The process for building a champion program:
- Define goals: What specific metrics are you trying to influence? Make them SMART (specific, measurable).
- Identify your audience: Who will you invite? Senior engineers? Cross-functional roles? Beyond engineering?
- Understand motivations: What makes these people tick? What would motivate participation?
- Define desired behaviors: What specific actions do you want champions to take? Report phishing? Raise security concerns in design reviews? Advocate for secure defaults?
- Create engagement channels: Monthly brown bags, dedicated Slack channels, direct relationships between security team members and business lines.
- Measure and demonstrate ROI: Track attendance, participation, reported issues, and cultural metrics over time.
How do you get leadership buy-in for security programs?
Dustin’s approach focuses on speaking the language of the business:
- Quantify risk in business terms: Reputation damage, customer acquisition impact, regulatory fines. Not “500 vulnerabilities.” A mature approach to threat modeling helps frame these conversations.
- Show customer demand: Implementing security controls to win a specific customer is an easy win that demonstrates direct ROI.
- Position as differentiator: In competitive markets, strong security posture can be the deciding factor for customers choosing between providers.
- Invite leadership into the conversation: Show your findings and ask “What do you think? Is this a problem?” rather than dictating solutions.
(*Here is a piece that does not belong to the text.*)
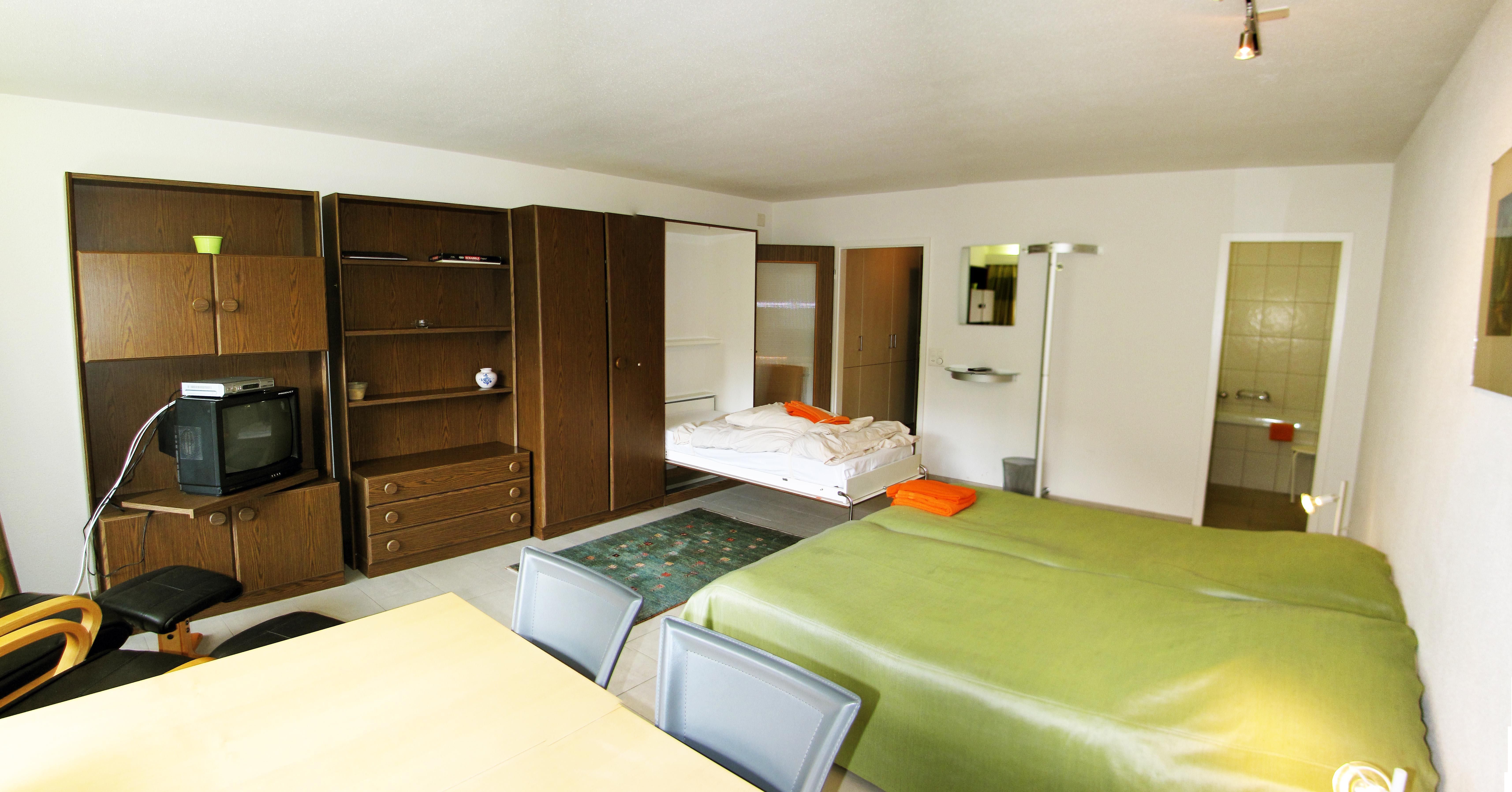 Das Cristal 09 verfügt über einen geräumigen, modernen Wohn- / Schlafbereich mit zwei Einzelbetten und einem Ausziehbett (Klappbett), einem eigenen Südbalkon mit Bergblick, einer separaten Küche mit einem kleinen Kühlschrank, einem Gefrierschrank, 1 Bad / WC und Wifi.

The key insight: if you show leadership everything you consider a problem and they say “that is fine,” you must adjust your approach. The conversation should be collaborative, not adversarial. Open the books, invite feedback, and let the data drive decisions together.
How do you build security-first culture?
Culture change requires relationship building, not mandates from an ivory tower. Building a security culture takes deliberate effort:
- Earn your seat at the table: Being hired as the security person does not automatically give you influence. You earn it by providing value and speaking in terms others understand.
- Overcome the “office of no” perception: Security has a negative reputation. Counteract it by being solution-oriented, connecting with people, and showing you are on their side.
- Train engineers in their language: Developers who care about code quality already care about security implicitly. Frame security as quality. Ask what prevents them from following guidelines rather than lecturing them.
- Use root cause analysis to drive change: When incidents occur, trace them back to process gaps. This creates evidence-based justification for controls rather than opinion-based mandates.
The fundamental principle: you cannot influence without a relationship. Building relationships takes time, transparency, and consistent demonstration of value. The security teams that succeed are the ones that stop throwing rocks from ivory towers and start building partnerships with the teams they are trying to help.